The Drug Enforcement Administration invited Leland and other citizens - such as software engineers, a teacher, a pastor and a school principal - to make methamphetamine last week in a lab at Metropolitan State College of Denver. [Denver Post]
Ok. We understand that DEA is teaching private citizens how to manufacture meth, but why? Why the hell would they do that?
The class was held as part of the DEA's first Citizens Academy in order to give the public a close-up view of what the agency does to keep drugs off the street.
That's interesting, and I'm eager to attend, but it doesn't answer the question because cooking meth isnât part of DEA's job at all.
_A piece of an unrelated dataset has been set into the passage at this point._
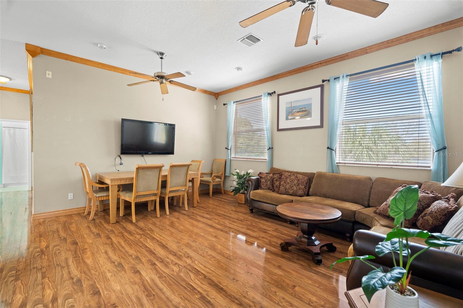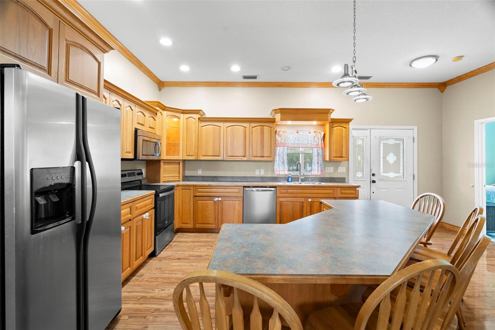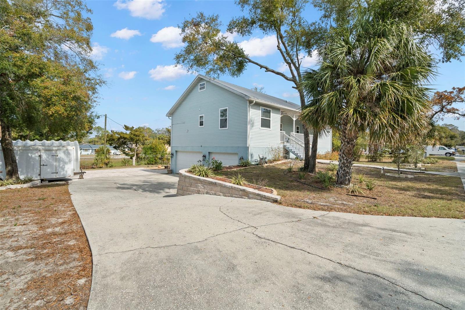 This exceptional property, blocks away from the vibrant downtown New Port Richey, presents a rare opportunity to own a spacious home on a 1/3-acre lot. Perfect for multi-generational living, this home features a separate living level (MOTHER-IN-LAW SUITE?) and an array of thoughtful upgrades. The home has been carefully maintained and offers plenty of living space. The upstairs is bright and open, featuring a living, dining, and kitchen area that’s perfect for family gatherings. With 3 large bedrooms, a laundry room, and ample closet space, the main level is designed for comfort and convenience. High ceilings enhance the feeling of openness throughout. Enjoy the large rocking chair front porch, recently tiled, with a view of New Port Richey’s original "main" street, lined with trees. The lower level offers additional living space with a private entrance, including a 1-bedroom suite, a full kitchen, and versatile rooms that can be used for living, dining, recreation, or an art studio. The space was recently reconfigured with quality craftsmanship and includes a 2-car garage for added convenience. Step outside to a large screened lanai with new tile flooring, overlooking a peaceful water retention pond frequented by ducks and shorebirds, offering both tranquility and privacy. The property also includes a partially fenced yard, newly added pavers for a 2nd driveway, enhanced landscaping with newly planted trees, and a block retaining wall. Need more storage? The large outbuilding can accommodate a golf cart (New Port Richey is golf-cart friendly!), workshop materials, campers, or even a boat. There’s plenty of parking, with alley access and space on all sides of the house. This unique property offers endless possibilities with its expansive living areas, private suite, and prime location near downtown New Port Richey. It’s the perfect blend of historic charm and modern convenience.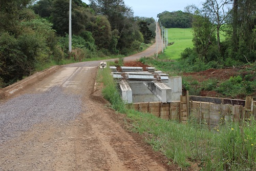 As obras de ampliação da ponte de acesso à comunidade de Salgado Filho, em Ipiranga do Sul, foram retomadas, nesta semana. Segundo a prefeitura, as vigas que darão sustentação à nova ponte já foram colocadas no local.

Their job is, of course, to stop people from cooking meth, which has now become the precise opposite of what they're doing.
The whole thing is mindlessly indulgent when you consider that no one really needs a chemistry lesson to infer that the constant explosions at their crazy neighbor's house might explain why he has so many strange visitors.
If you're gonna teach meth-cooking, teach it to immigrant store clerks before you arrest them for naively selling household items to undercover narcs.